Les images les montrent souriants, volontaires, enthousiastes. Il ne semble pas y a voir de hiérarchie parmi eux. Toutefois, celui qui prend le plus la parole s’appelle Fouad Belkacem, et son costume de cheik bédouin souligne l’expression malicieuse qui éclaire souvent son visage.

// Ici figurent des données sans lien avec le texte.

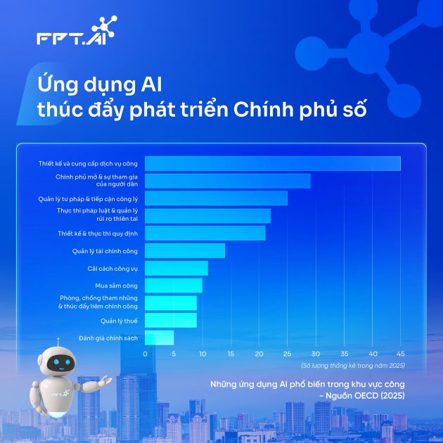 Các cơ quan chính phủ sở hữu nhiều bộ dữ liệu phong phú, bao gồm dữ liệu có cấu trúc và không có cấu trúc – và việc ứng dụng AI có thể giúp khai phá thêm nhiều insight giá trị. Theo báo cáo của OECD, dịch vụ công và chính phủ mở được xem là hai lĩnh vực có sự ứng dụng AI mạnh mẽ nhất. Đây cũng là những tác vụ có sự tương tác lớn với người dân,vậy nên sự hỗ trợ của AI giúp chính phủ cung cấp dịch vụ hiệu quả hơn, tăng trải nghiệm tương tác và mức độ hài lòng của người dân với chính phủ.

Pointant une tête désormais jusqu’à Bruxelles, ils se font connaître aux francophones par des promenades dans les rues de la capitale: ils veulent rencontrer des «frères» pour les convaincre de ne pas aller voter aux élections législatives. Un contrepied aux rituels de campagne, quand les hommes politiques descendent sur les marchés, qui peut faire sourire. Plus pour longtemps. Pourquoi donc se donner la peine d’aller convaincre des jeunes de ne pas aller voter? "Parce que nous sommes contre la démocratie", intervient un camarade de Belkacem sur la vidéo. "La démocratie, c’est donner la liberté aux peuples de décider leurs propres lois. Mais ce n’est pas aux peuples de décider des lois. Les lois, elles existent. Ce sont celles d’Allah: la Sharia".

De l’atomium au Niqab

Suite de l’histoire: après ces promenades prêchant la destruction de la démocratie, survient l’affaire Benno Barnard à Anvers. Cet écrivain néerlandais doit donner une conférence à l’Université intitulée "Vive Dieu! À bas Allah!". Après à peine deux minutes, il est empêché de parler par une quarantaine de personnes sous les cris de «Allah Akbar». Celles-ci prennent le podium d’assaut; Barnard ne doit son salut qu’à la présence de gardes du corps engagés pour l’occasion. Sur YouTube, vient ensuite une autre vidéo à l’écho certain. Belkacem y montre l’Atomium voué selon lui à la destruction lors de l’instauration inéluctable de l’Etat islamique en Belgique. Moustique avait publié une interview du bonhomme à cette époque, dévoilant déjà l’image d’un exalté, radical, exotique, qui a déjà connu quelques problèmes avec la justice, notamment après avoir traité l’ex pasionaria du Vlaams Belang Marie-Rose Morel, décédée, d’usurpatrice de dieu en route vers le dépotoir de l’histoire. Très fin.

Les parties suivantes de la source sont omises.